My root argument is that the graph isn't meaningless. It's maybe not what the author intended (the author of the WHO graph, that is), in that it's not a slam-bam refutation of a relationship of cholesterol to heart disease. What I see in this and in the 22-countries type graphs is that at a given average national cholesterol level, you can have a wide variation in heart disease mortality.

That doesn't address one of critic's main thrusts: the graph, while allegedly drawn from WHO data, isn't specific about the methodology behind the graph, nor has that methodology been peer reviewed. That immediately makes the graph suspect and invalid to use for advocating anything.
Quote:
Two rat cages. In one the rats are exposed to aflatoxin from rancid peanuts, in another, they aren't. In one rat cage--a high casein diet causes high liver cancer. In the other, it seems to be harmless. Yes we ought to pay attention to any apparent effects of excess casein in one of the cages. But we ought to pay attention to the cage where casein doesn't seem to matter, as well.

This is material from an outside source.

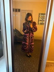 This was a bit outside my comfort zone, but was perfect for hosting a baby shower. I was running late and had not even tried it on before I left. Luckily, it fit perfectly. I am in between a size 8 and 10, but the large was needed for my bust and shoulders.
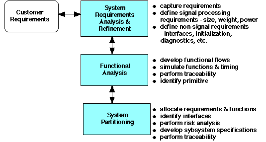 in conjunction with systems partitioning and continued requirement analysis. The result of

That would be a reasonable line of thinking except for the fatal problem noted earlier.
Quote:
It would be interesting to see a less Western-centric study like the one posted with data from mostly Western Europe and North America. In places where the WHO data shows high mortality from heart disease paired with lower average cholesterol, I wonder what the relationship between changes in cholesterol and heart disease looks like?

Someone or some group with reputable credentials (e.g. a Cochrane Collaboration group) would have to validate the data/the data collection process and the graphing methodology. Then, yes, a comparison would be interesting.